* _WORK INSTRUCTIONS_
Give again, word for word, every line below from the one that has "2017 AIDS Walk" through the one that has "While the tentative", both included, and no others.

* _DATA EXTRACT_

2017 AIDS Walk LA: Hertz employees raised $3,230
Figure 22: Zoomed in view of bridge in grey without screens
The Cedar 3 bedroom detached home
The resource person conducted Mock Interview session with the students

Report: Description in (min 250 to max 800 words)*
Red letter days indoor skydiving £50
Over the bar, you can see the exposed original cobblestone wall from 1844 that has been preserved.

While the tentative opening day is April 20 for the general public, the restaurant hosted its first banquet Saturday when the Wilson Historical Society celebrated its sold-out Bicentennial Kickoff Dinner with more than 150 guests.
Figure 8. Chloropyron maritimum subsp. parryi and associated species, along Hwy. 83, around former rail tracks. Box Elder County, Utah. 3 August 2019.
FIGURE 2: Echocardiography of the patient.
* * *
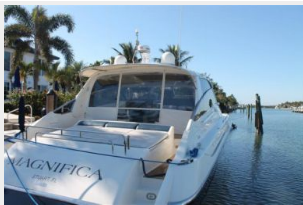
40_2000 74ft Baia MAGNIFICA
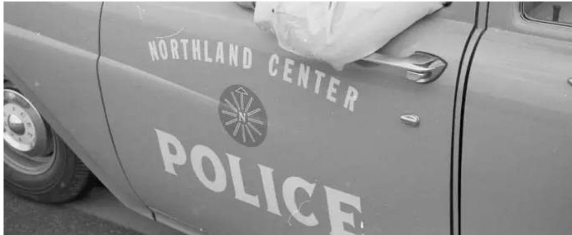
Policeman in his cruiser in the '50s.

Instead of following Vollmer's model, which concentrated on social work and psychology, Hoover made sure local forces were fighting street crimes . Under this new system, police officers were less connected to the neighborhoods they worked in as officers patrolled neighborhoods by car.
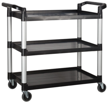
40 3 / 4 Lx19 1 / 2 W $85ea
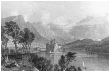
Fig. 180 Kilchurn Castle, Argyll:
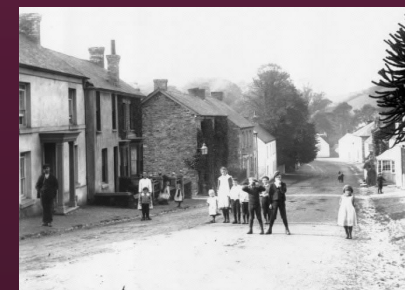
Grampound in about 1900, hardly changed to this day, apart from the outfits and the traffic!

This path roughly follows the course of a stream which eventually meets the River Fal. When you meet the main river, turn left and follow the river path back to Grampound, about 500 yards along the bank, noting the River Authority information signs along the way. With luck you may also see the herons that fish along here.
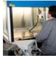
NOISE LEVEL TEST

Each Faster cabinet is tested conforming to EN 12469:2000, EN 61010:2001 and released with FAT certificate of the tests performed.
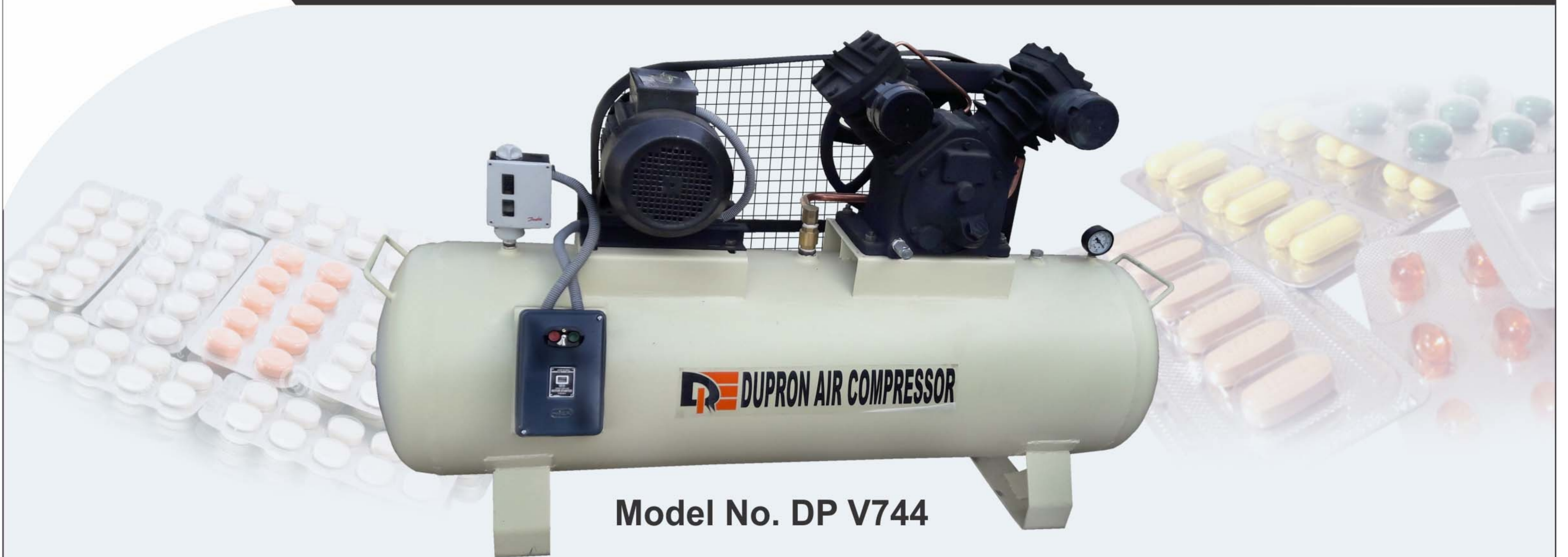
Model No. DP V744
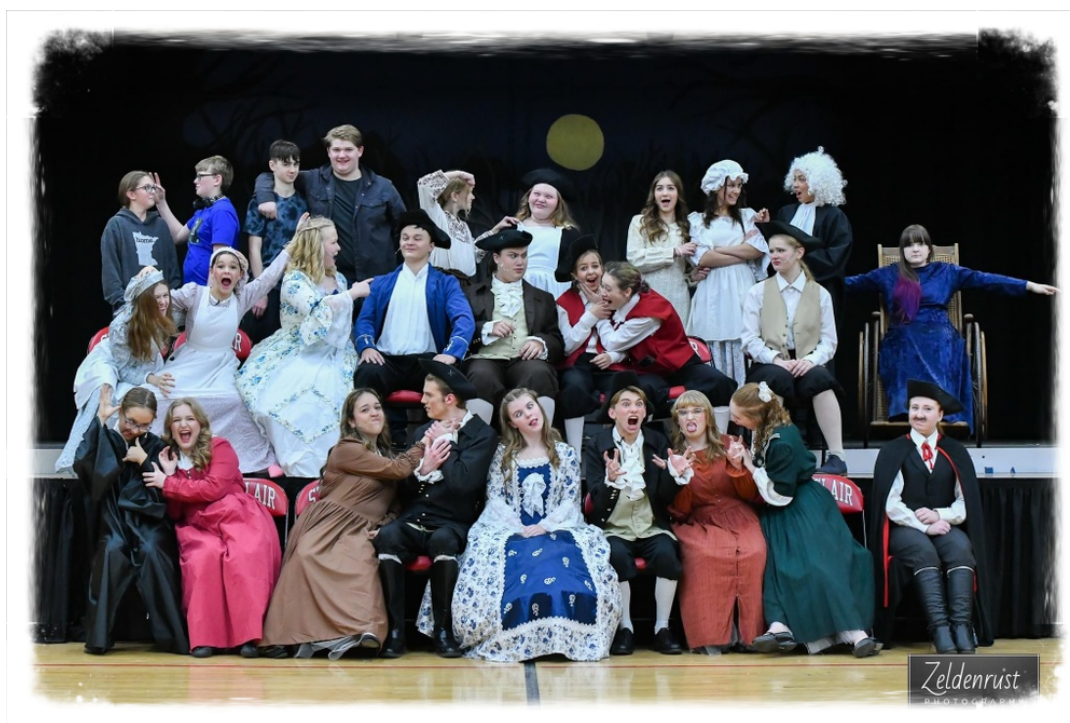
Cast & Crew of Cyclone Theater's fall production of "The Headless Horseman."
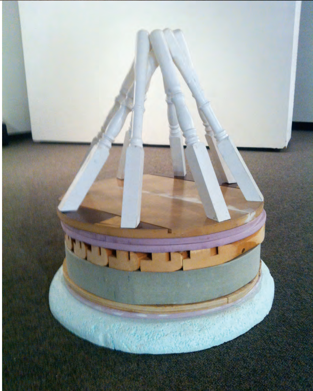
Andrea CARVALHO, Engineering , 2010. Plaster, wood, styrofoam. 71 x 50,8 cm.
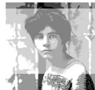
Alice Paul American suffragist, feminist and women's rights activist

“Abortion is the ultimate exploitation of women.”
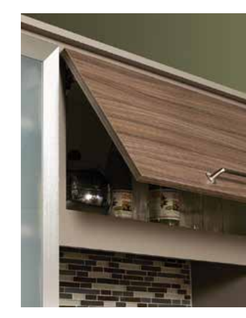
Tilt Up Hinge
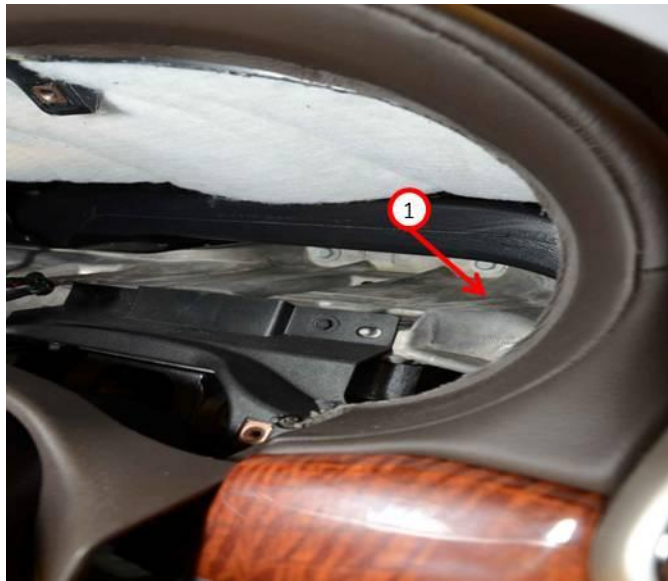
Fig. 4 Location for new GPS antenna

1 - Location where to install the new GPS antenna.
---
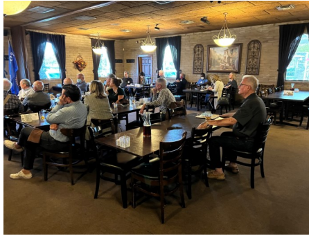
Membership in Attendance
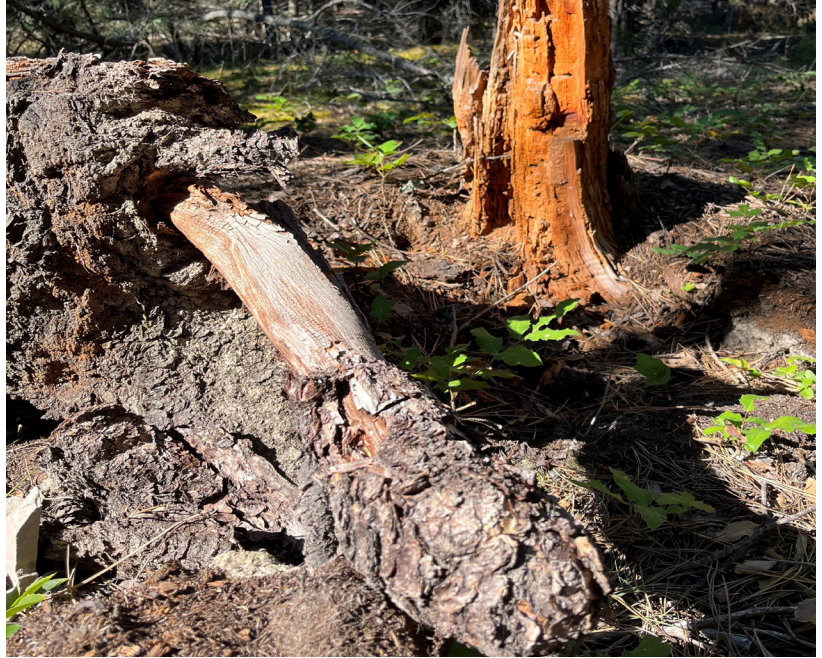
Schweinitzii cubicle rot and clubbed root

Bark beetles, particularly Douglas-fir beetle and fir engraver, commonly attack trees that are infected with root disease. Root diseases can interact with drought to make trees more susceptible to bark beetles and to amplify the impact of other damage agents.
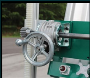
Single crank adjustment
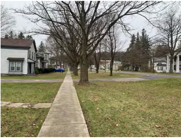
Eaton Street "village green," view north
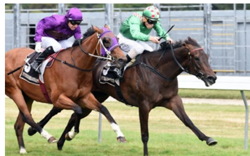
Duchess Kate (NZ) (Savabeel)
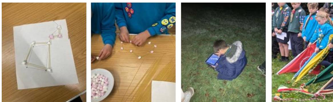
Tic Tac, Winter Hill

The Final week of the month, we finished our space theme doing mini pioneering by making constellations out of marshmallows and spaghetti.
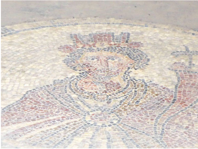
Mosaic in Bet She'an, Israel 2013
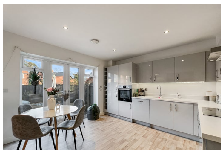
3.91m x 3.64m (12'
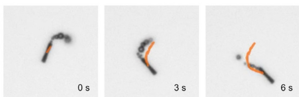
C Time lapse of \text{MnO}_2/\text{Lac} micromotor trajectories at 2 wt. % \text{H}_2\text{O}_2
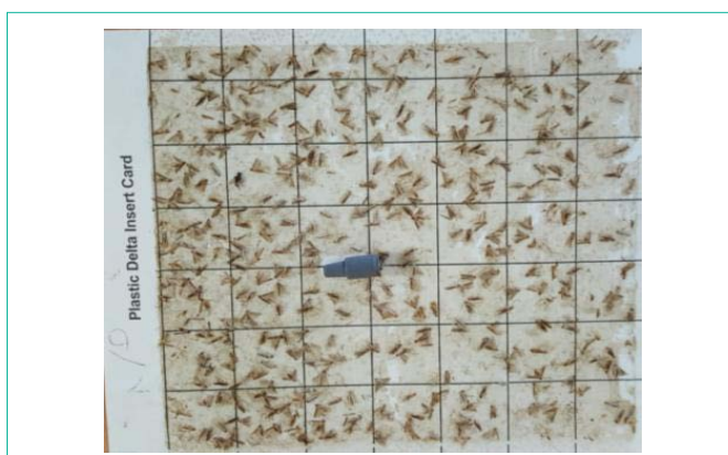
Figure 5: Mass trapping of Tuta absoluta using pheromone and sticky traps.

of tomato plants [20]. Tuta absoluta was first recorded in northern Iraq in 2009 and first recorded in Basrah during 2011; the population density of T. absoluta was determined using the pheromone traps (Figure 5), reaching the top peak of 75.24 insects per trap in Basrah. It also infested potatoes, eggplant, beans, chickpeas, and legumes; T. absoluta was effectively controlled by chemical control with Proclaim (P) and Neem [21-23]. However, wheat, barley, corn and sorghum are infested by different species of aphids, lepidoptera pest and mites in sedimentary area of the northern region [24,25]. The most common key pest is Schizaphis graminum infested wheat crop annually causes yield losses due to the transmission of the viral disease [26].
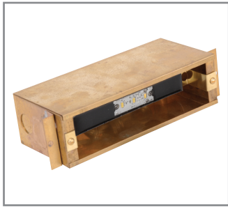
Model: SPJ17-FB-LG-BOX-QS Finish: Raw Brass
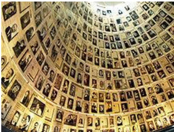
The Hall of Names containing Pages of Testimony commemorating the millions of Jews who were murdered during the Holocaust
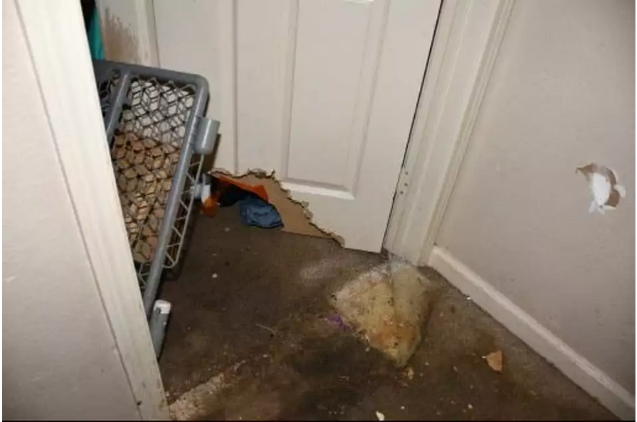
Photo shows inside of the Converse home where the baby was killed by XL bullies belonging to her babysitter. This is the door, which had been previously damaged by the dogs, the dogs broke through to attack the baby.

* _ANSWER FOR THE TASK_
2017 AIDS Walk LA: Hertz employees raised $3,230
Figure 22: Zoomed in view of bridge in grey without screens
The Cedar 3 bedroom detached home
The resource person conducted Mock Interview session with the students

Report: Description in (min 250 to max 800 words)*
Red letter days indoor skydiving £50
Over the bar, you can see the exposed original cobblestone wall from 1844 that has been preserved.

While the tentative opening day is April 20 for the general public, the restaurant hosted its first banquet Saturday when the Wilson Historical Society celebrated its sold-out Bicentennial Kickoff Dinner with more than 150 guests.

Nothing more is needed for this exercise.